Tabagisme dans les DROM : Les Antilles-Guyane s’en sortent plutôt bien

Tabagisme dans les DROM : Les Antilles-Guyane s’en sortent plutôt bien

Avec environ 75 000 décès annuels, le tabagisme reste la première source de « mortalité évitable », selon Santé Publique France (chiffres 2015). Les cancers liés au tabac représentent plus de 45 000 décès, suivis par les maladies cardiovasculaires (plus de 17 000). Au niveau national, les cancers constituent ainsi 61,7% des morts attribuables au tabagisme. Les taux varient cependant selon les différentes régions, et le tabagisme demeure la première cause de mortalité évitable.

Pour Santé Publique France, « la prévalence du tabagisme reste très élevée en France et la pandémie actuelle ne doit pas briser la dynamique de baisse historique du tabagisme en France, avec 1,9 million de fumeurs quotidiens en moins entre 2014 et 2019 ». Aussi, dans le cadre de la présentation de la stratégie décennale de lutte contre le cancer, Santé publique France, l’Assurance Maladie et le ministère des Solidarité et de la Santé viennent de lancer, du 5 février au 5 mars 2021, une nouvelle campagne pour promouvoir la plateforme Tabac info service (appli, site Internet et par téléphone au 3989) qui propose un accompagnement personnalisé pour aider à arrêter de fumer.

L’occasion également pour Santé Publique France de présenter ses premières estimations régionales de mortalité attribuable au tabagisme (pour l’année 2015, hors Mayotte). Ces données inédites indiquent de fortes disparités sur le territoire. Les Antilles-Guyane, la Guadeloupe en particulier, font figures de bons élèves. « Si à l’échelle nationale, la part attribuable des décès est de 13%, elle varie de 3,5% en Guadeloupe à 15,5% en Corse, suivie du Grand Est (14,7%) et des Hauts de France (14,5%) », précise Santé Publique France. La proportion relevée en Guadeloupe est la plus faible de toutes celles observées dans les autres régions de France, chez les femmes comme chez les hommes. Le taux de décès attribuable au tabagisme était chez les hommes et les femmes respectivement de 5,9% et de 1,3% dans l’archipel, contre 19,3% et 6,9% pour la France entière.

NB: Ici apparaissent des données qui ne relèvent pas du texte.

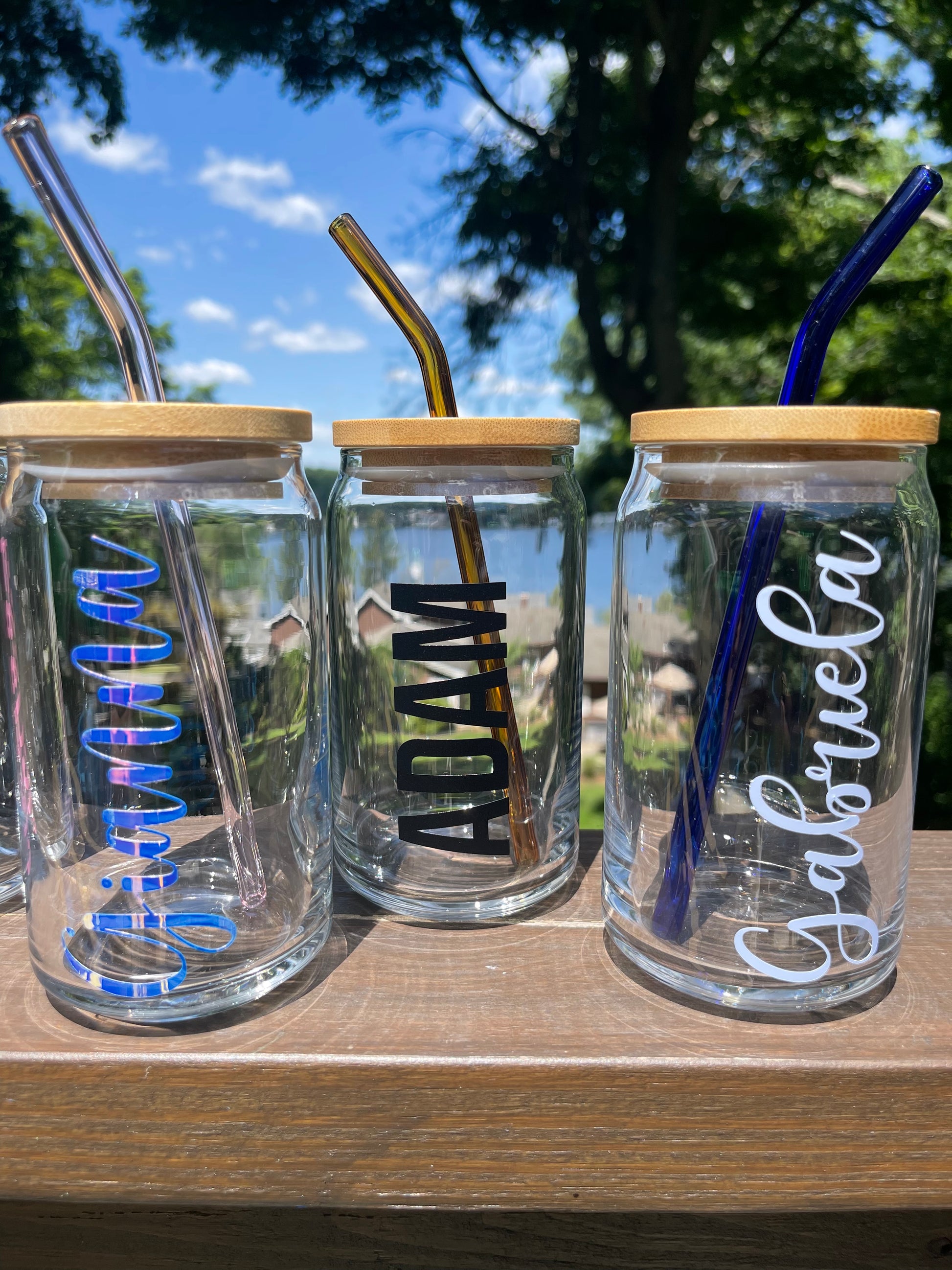 16 oz personalized beer can glass with your name or title on it! Choose your color vinyl and straw! Lid included as well!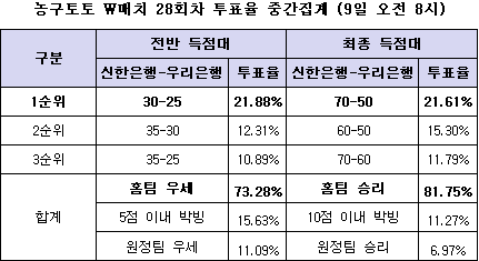 2010-2011 시즌 농구토토 W매치 28회차 투표율 중간집계 결과. 전반전 신한은행 우세 73.28%…최종 득점대 70-50점대 신한은행 승리 21.61%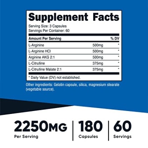 Details: Nutricost’s Nitric Oxide Booster has 500mg of L-Arginine, 500mg of L-Arginine HCl, 500mg of Arginine AKG 2:1, 375mg of L-Citrulline, and 375mg of L-Citrulline Malate 2:1 in every serving. Each bottle contains 180 capsules and 60 servings. If taken according to recommended use, one bottle is a 2 month supply. These Nitric Oxide Booster capsules are non-GMO, gluten free, and tested by independent ISO accredited laboratories.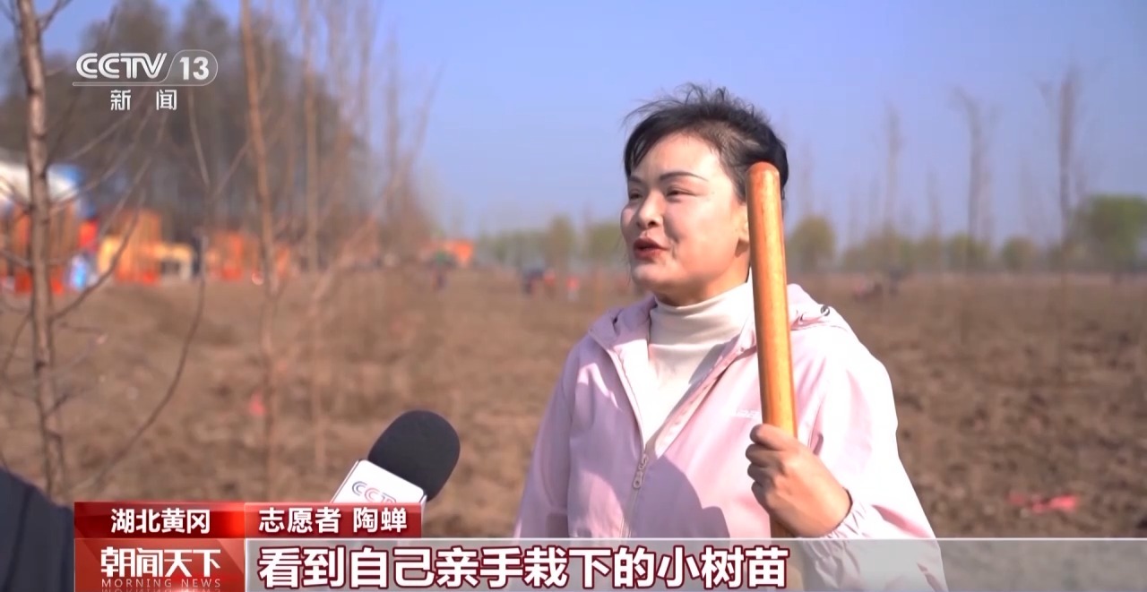 志愿者 陶蝉:看到自己亲手栽下的小树苗能够立在江边,心里特别有成就感,希望它能够好好长大,根系再扎深一点。

Fractions régionales des décès attribuables au tabagisme par sexe relativement à la fraction France entière en 2015

Fractions régionales des décès attribuables au tabagisme par sexe relativement à la fraction France entière en 2015

La Martinique a également de bons chiffres. Sur l’année de référence, « le nombre total de décès attribuables au tabagisme a été estimé à 138, soit 4,5% du total des décès enregistrés la même année dans la région. Ce taux est près de trois fois inférieur à celui de la France entière la même année (13%) », constate Santé Publique France. Le taux de décès attribuable au tabagisme était respectivement, chez les hommes et les femmes, de 6,1% et de 3%, versus 19,3 % et 6,9% pour toute la France. Le rapport note qu’en Martinique le tabagisme est responsable d’une part importante des morts prématurées (survenant avant l’âge de 65 ans) : 7% des décès sont attribués au tabagisme avant cet âge.

En Guyane, les chiffres sont moins bons mais restent aussi largement inférieurs à ceux des moyennes nationales et régionales. Le tabagisme y a engendré 3,8% et 10% de décès chez les femmes et les hommes respectivement. Ainsi, pour l’année 2015, la Guadeloupe, la Martinique et la Guyane se caractérisaient ensemble par une fraction des morts attribuables au tabagisme de plus de 20% inférieure à la moyenne nationale de la France entière.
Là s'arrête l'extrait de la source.